• Task to carry out
Pictures aside, print all of the data below exactly as written.
(Records to process)
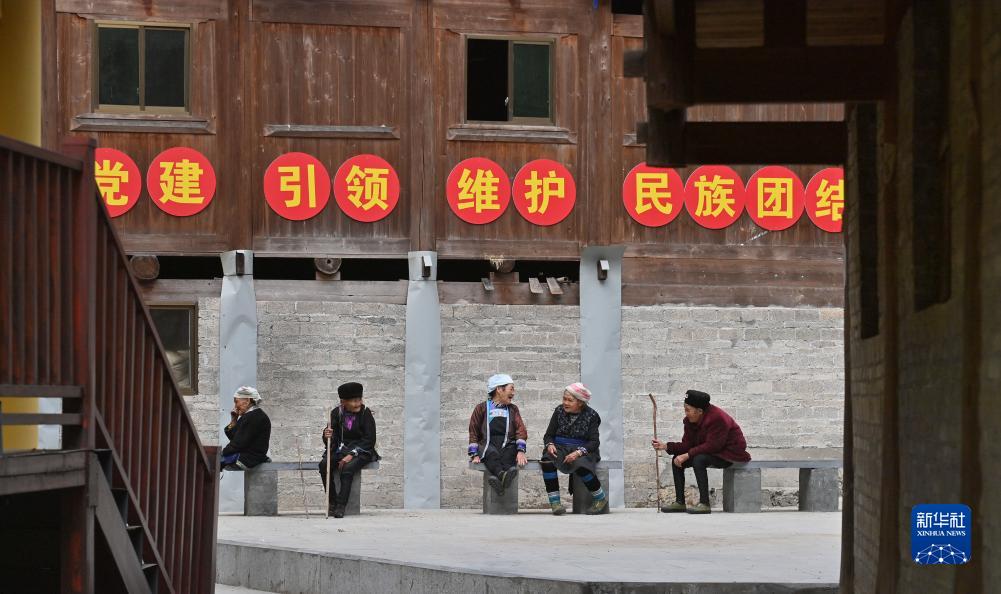 在烏英苗寨,老人們在窗外的小廣場上曬太陽(2023年3月15日攝)。
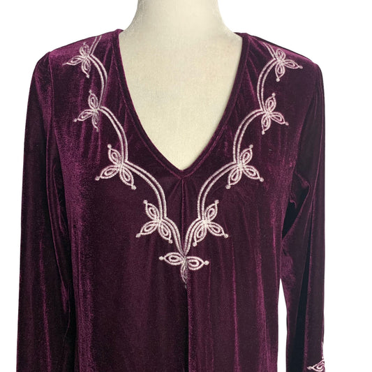 RusttyDustty Velvet Shift Dress M Purple V Neck Embroidered Long Sleeves
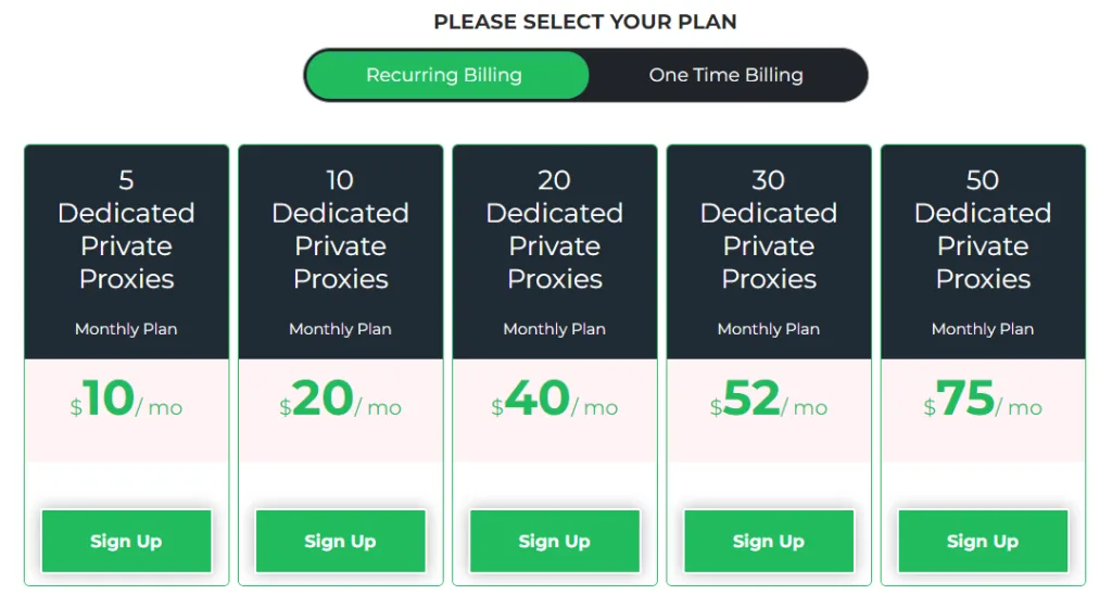 StarProxies has different plans for each category of proxies, giving its customers options to choose between recurring and one-time billing.
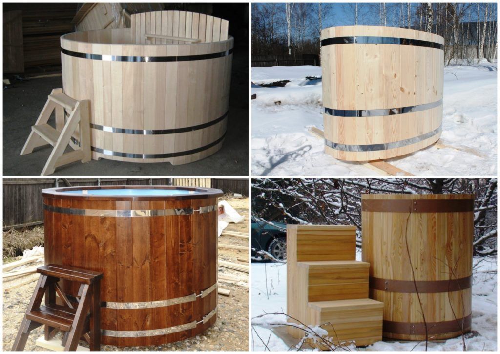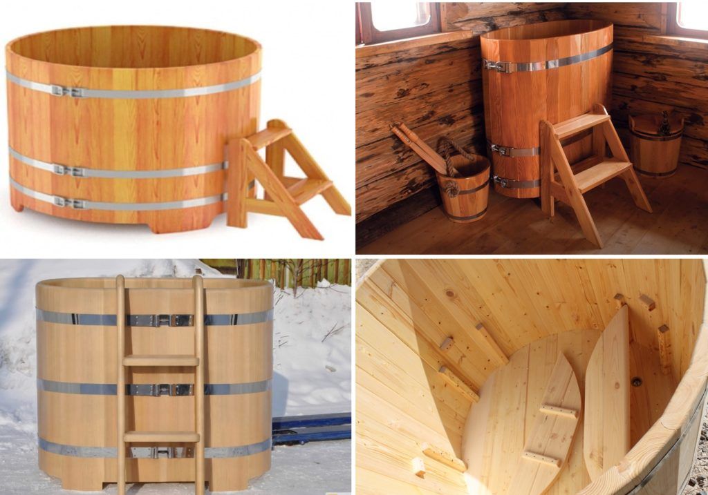 Cedar, oak, larch barrels do not rot. The containers are easy to wash and clean, they can withstand any temperature suitable for bathing. The tree is said to release essential oils to aid relaxation and wellness. The aroma of wood cheers up and strengthens the immune system. There is nothing more useful for health than wooden tanks.
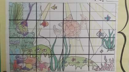 皆の作品を取り入れてリーダーの生徒が1つの作品にした、ということで「陸・海・空・宇宙」それぞれ1作品ずつに仕上がっています。写真2枚目は「陸」、3枚目は「海」です。
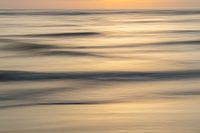 Zonsondergang en een zee in beweging. Tijdens deze opname is gebruik gemaakt van de techniek ICM (intentional camera movement).
(End Records to process)
• Reply to the task
 在烏英苗寨,老人們在窗外的小廣場上曬太陽(2023年3月15日攝)。
 RusttyDustty Velvet Shift Dress M Purple V Neck Embroidered Long Sleeves
 StarProxies has different plans for each category of proxies, giving its customers options to choose between recurring and one-time billing.
 Cedar, oak, larch barrels do not rot. The containers are easy to wash and clean, they can withstand any temperature suitable for bathing. The tree is said to release essential oils to aid relaxation and wellness. The aroma of wood cheers up and strengthens the immune system. There is nothing more useful for health than wooden tanks.
 皆の作品を取り入れてリーダーの生徒が1つの作品にした、ということで「陸・海・空・宇宙」それぞれ1作品ずつに仕上がっています。写真2枚目は「陸」、3枚目は「海」です。
 Zonsondergang en een zee in beweging. Tijdens deze opname is gebruik gemaakt van de techniek ICM (intentional camera movement).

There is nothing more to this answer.